Commission welcomes report by Committee Against Torture

The Scottish Human Rights Commission has welcomed new recommendations published by a United Nations Committee to help Scotland improve its human rights record in relation to torture, cruel, inhuman or degrading treatment or punishment.

The UN Committee Against Torture scrutinised the UK’s compliance with the Convention Against Torture, and has made a series of recommendations including:

  • maintaining the current level of human rights protection provided by the Human Rights Act and incorporation of the Convention into national law.

  • addressing prison conditions.

  • implementing a better integration of the Convention standards in areas such as health care.

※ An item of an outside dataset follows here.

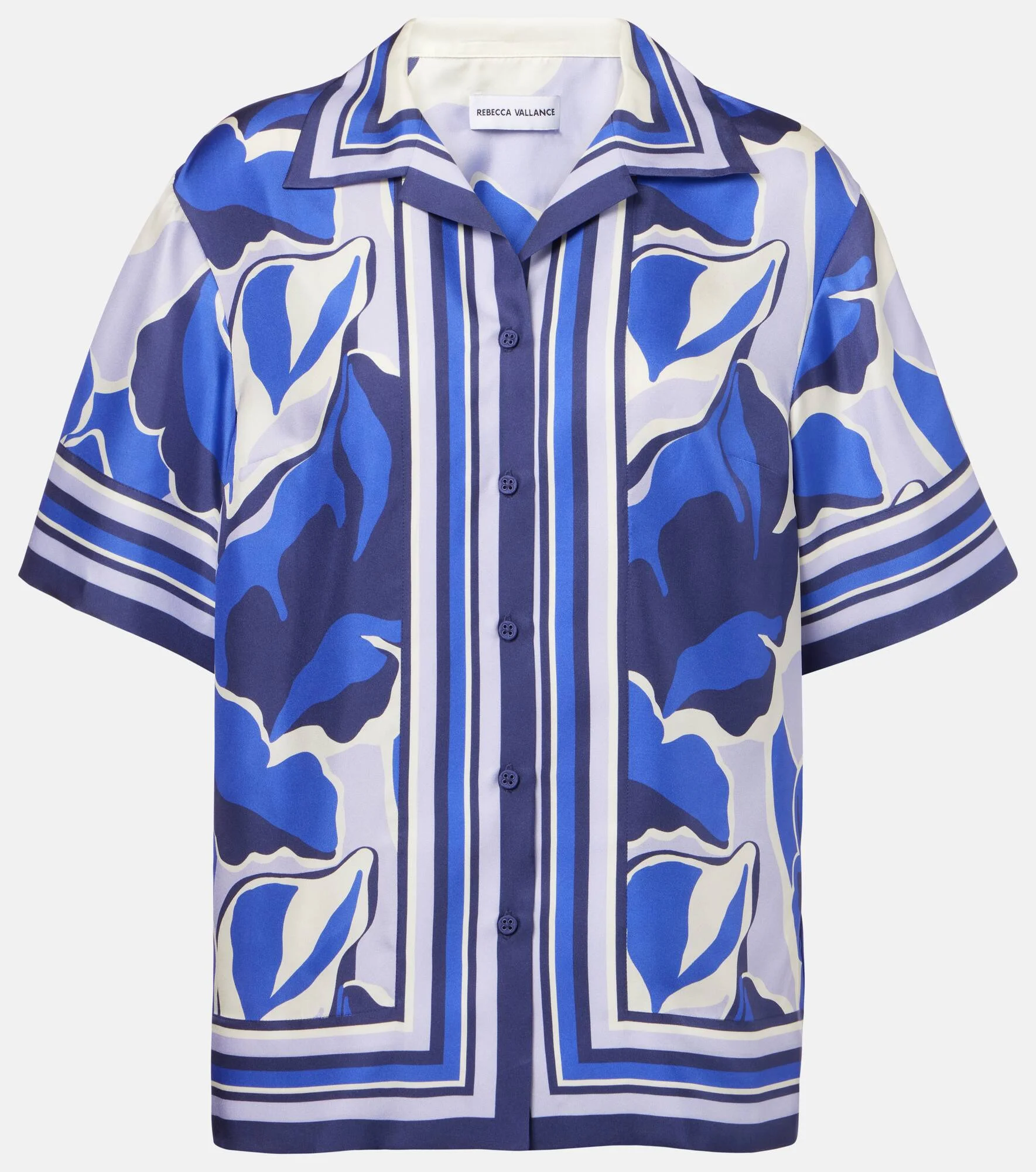 The Paros shirt from Rebecca Vallance is made from pure silk. The design beautifully drapes over the body and features an all-over, multicolored print. Product Details - Material: 100% silk - Care instructions: dry clean - Made in China - Designer color name: Paros Print - Item color: blue - Item number: P01042173 Size & Fit - True to size - For a closer fit, we recommend taking one size down - Dropped shoulders - Designed for a loose fit - Non-stretchy fabric - Falls to the hip - Height of model is 180cm-71" and wears a size UK 6
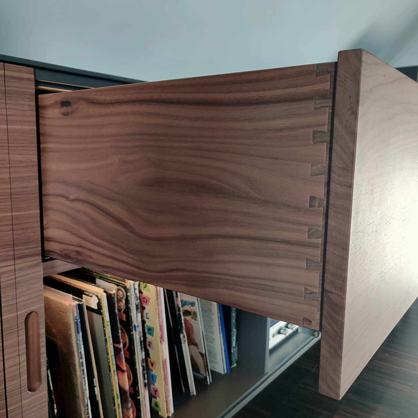 As part of my final project in carpentry school, I created a high-board that explores the interplay of form, material, and detail. Walnut surfaces contrast with grey-painted MDF, while two large tambour doors define the design with a distinctive rhythm and clarity. The speakers were developed as a matching extension of the piece, reinforcing its cohesive design language. Conceived as a storage solution for record players and media, the high-board goes beyond function, becoming a sculptural element within the living space. Subtle features such as the illuminated interior and finely integrated drawers add depth, atmosphere, and a refined sense of craftsmanship.

  • strengthening victims’ right to effective remedy and reparation.

The recommendations in full are at this link.

The Commission submitted a report to the Committee to help inform its analysis of the  UK compliance with the Convention against Torture. The Commission called on the Committee to explore whether more can be done particularly in the context of health and social care, welfare reform, historic child abuse, immigration, some custody settings and corporal punishment.

The Committee’s recommendations reflect a range of concerns raised by the Commission, in particular, we welcome the recommendations that the UK:

  • incorporate the Convention in the domestic legal order and reconsider its position under article 22 of the Convention to accept the right of individual petition, and raise awareness of the Convention’s provisions among members of the judiciary and the public. 

  • ensure that restraint against children is used only as a last resort and exclusively to prevent harm to the child or others and ensure that children with mental disabilities shall in no case be detained in police custody but directed to appropriate health institutions.
    establish proper accountability mechanisms and standards in order to prevent ill-treatment of patients receiving health care services.

  • ensure that electrical discharge weapons (such as TASERs) are used exclusively in extreme and limited situations where there is a real and immediate threat to life or risk of serious injury, as a substitute for lethal weapons, and by trained law enforcement personnel only, and expressly prohibiting their use on children and pregnant women.

  • prohibit corporal punishment of children in all settings, repealing all legal defences currently in place, and further promote positive non-violent forms of discipline via public campaigns as an alternative to corporal punishment.

  • set concrete targets to reduce the high level of imprisonment and overcrowding. The Committee recommended that the State party pay due attention to the recommendations of the Commission on Women Offenders in Scotland.

  • continue to provide bodies constituting the National Preventive Mechanism with sufficient human, material and financial resources to discharge their prevention mandate independently and effectively.

Diego Quiroz, Policy Officer at the Scottish Human Rights Commission, said: “Scotland has demonstrated a steady development in human rights and it is essential that we continue to improve human rights standards in all contexts, including health and social care settings, and particularly for those living in poverty or in extremely difficult situations such as those faced by asylum seekers and children in detention.

"The Commission welcomes the Committee’s recommendations as an opportunity to identify gaps and good practices in order to work with the Scottish Government and public authorities to achieve greater compliance and progress on human rights in Scotland.”